Organize accounts into named categories with per-session quotas. The script randomly samples `TARGETS_PER_RUN` accounts from the full pool each session.

Example structure:

```python
TARGET_POOL = {
    "ai_builders": [
        "simonw",     # Example: ML tools, Datasette
        "swyx",       # Example: AI engineering
    ],
    "indie_builders": [
        "dvassallo",  # Example: indie hacker
        "tdinh_me",   # Example: bootstrapped SaaS
    ],
    "marketing": [
        "harrydry",   # Example: Marketing Examples
        "wes_kao",    # Example: content strategy
    ],
}

CATEGORY_QUOTAS = {
    "ai_builders":   2,  # replies per session
    "indie_builders": 2,
    "marketing":     1,
}
```

Replace handles with accounts relevant to your niche and goals.

## Reply Generation

Replies are generated by GPT using a structured voice prompt.
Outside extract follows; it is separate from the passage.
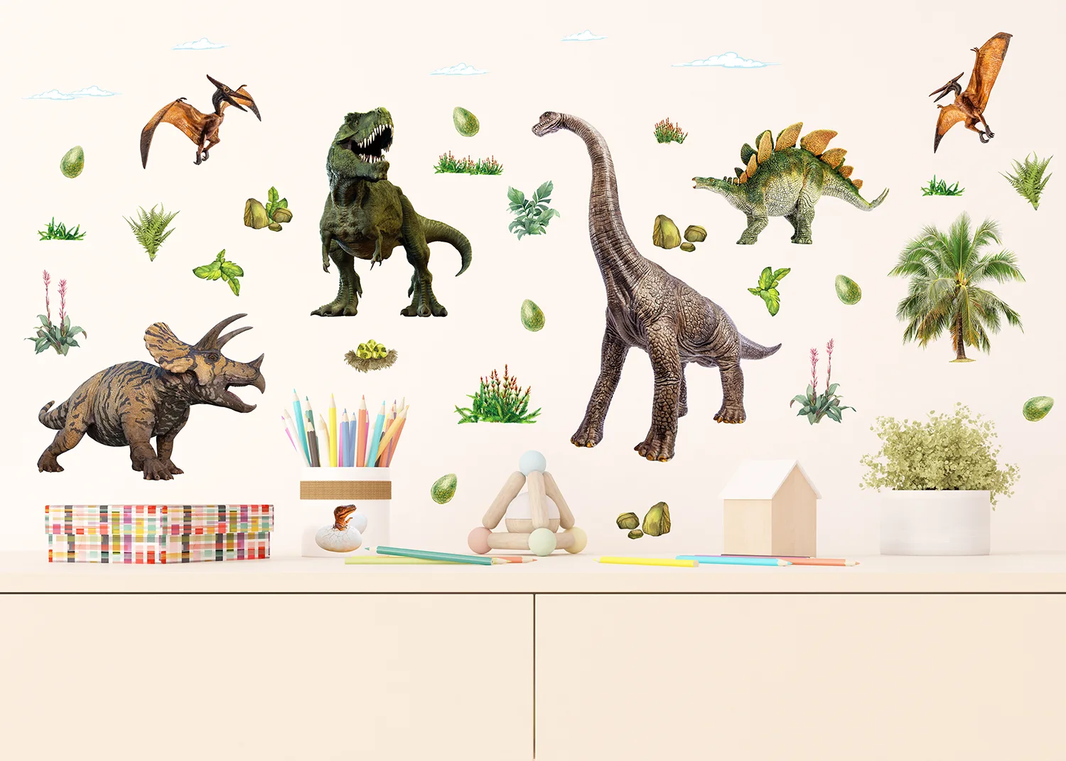 Rozjasněte pokoj svého dítěte s našimi nálepkami na zeď Dinosauři . Nálepky jsou vytvořeny tak, aby do každého prostoru vnesly kromě nádechu hravosti také teplo a radost.

The system enforces:

### Voice Rules (Configurable)
- Direct, clear sentences — no filler words
- Specific over vague: numbers, tool names, concrete observations
- Intellectually curious tone — genuine questions, not rhetorical
- Comfortable acknowledging uncertainty or failure

### Hard Bans (Built-in Filters)
The generated reply is rejected and skipped if it contains:
- Sycophantic openers: "Great post", "Love this", "So true", "Spot on", etc.
- Casual slang: lol, damn, wild, ngl, fr, bro, lowkey, fire, bussin, no cap
- Emojis (any Unicode > U+1F600)
- Exclamation marks (configurable tolerance)
- Corporate speak: leverage, synergy, paradigm, game-changer
- Self-promotion or product name-dropping

### Three Reply Archetypes
GPT is prompted to pick ONE of:

**A) Micro-insight + Question**
Share a specific observation from your own experience, then ask something you genuinely want answered.
> "Ran into this building our brand tool — embeddings drift ~15% after 3 months without retraining. How often are you recalibrating?"
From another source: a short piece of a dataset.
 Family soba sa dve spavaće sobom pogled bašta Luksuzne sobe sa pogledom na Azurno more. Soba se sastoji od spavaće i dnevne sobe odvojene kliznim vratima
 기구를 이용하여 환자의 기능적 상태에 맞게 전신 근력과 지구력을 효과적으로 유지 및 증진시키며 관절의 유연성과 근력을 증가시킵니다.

**B) Respectful Challenge**
Politely push back with data or a counterexample, then invite their perspective.
> "Counterpoint: Stripe's docs are famously good but they still need a sales team for enterprise. Isn't the real question where self-serve stops working?"
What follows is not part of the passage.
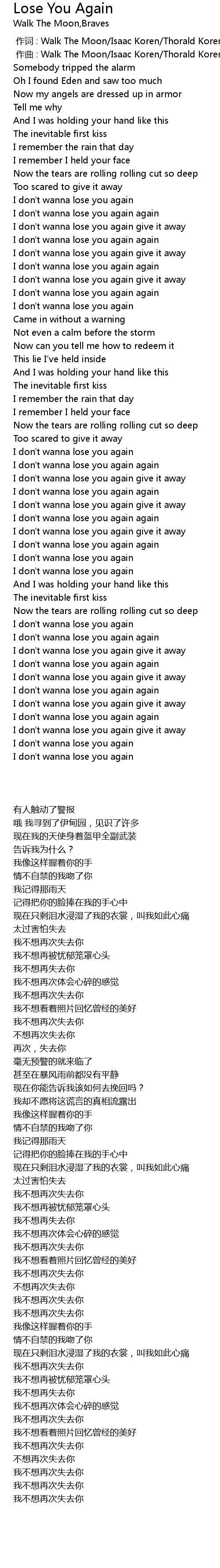 | [02:44.83] | I don' t wanna lose you again |

**C) Pattern Recognition**
Connect their point to something non-obvious from a different domain.
> "This mirrors what happened in recommendation systems — Netflix found that optimizing for clicks killed retention. The proxy metric trap is everywhere. What's your equivalent of 'watch time'?"

## Customizing Your Voice

Edit the `USER_CONTEXT` variable (or equivalent prompt section) to describe your background:

```python
USER_CONTEXT = """You are writing a Twitter reply as YOUR_NAME.

BACKGROUND:
- Brief description of who you are
- What you're building
- Genuine interests relevant to the accounts you target

VOICE:
- [Your preferred communication style]
- [Specific things to include or avoid]
"""
```

The more specific and authentic your context, the better the replies.

## State Management

The script maintains `auto_reply_state.json` to track replied tweet IDs, preventing duplicate replies across sessions:

```json
{
  "replied_tweets": ["tweet_id_1", "tweet_id_2"],
  "last_updated": "2026-03-06T09:30:00"
}
```

State is capped at the last 100 tweet IDs to prevent unbounded growth.

## Engagement Logic

For each selected account the script:

1. Fetches the 10 most recent original tweets (excluding retweets and @-replies)
2. Filters out tweet IDs already replied to
3. Selects the tweet with highest combined engagement (likes + replies)
4. Generates a reply via GPT — if GPT outputs `SKIP`, the tweet is marked seen and skipped
5. Likes the tweet first (pre-reply like is an algorithmic signal)
6. Posts the reply
7. Waits 3-6 seconds (randomized human-like delay) before moving to the next account

## Output

Each session prints a summary and appends to your log. When called by a bot framework, the script outputs a JSON block after the `---JSON_OUTPUT---` separator for programmatic consumption:

```json
[
  {
    "target": "simonw",
    "tweet": "LLMs are increasingly being used for...",
    "reply": "The retrieval side of this is underrated...",
    "url": "https://x.com/simonw/status/...",
    "liked": true
  }
]
```

## Obtaining Twitter Cookies

1. Log in to Twitter/X in Chrome or Firefox
2. Open DevTools > Application > Cookies > `https://x.com`
3. Export the cookie values to a JSON file in the format expected by `rnet_twitter.py`
4. Store the file at the path referenced by `TWITTER_COOKIE_PATH`

Do not commit cookie files to version control.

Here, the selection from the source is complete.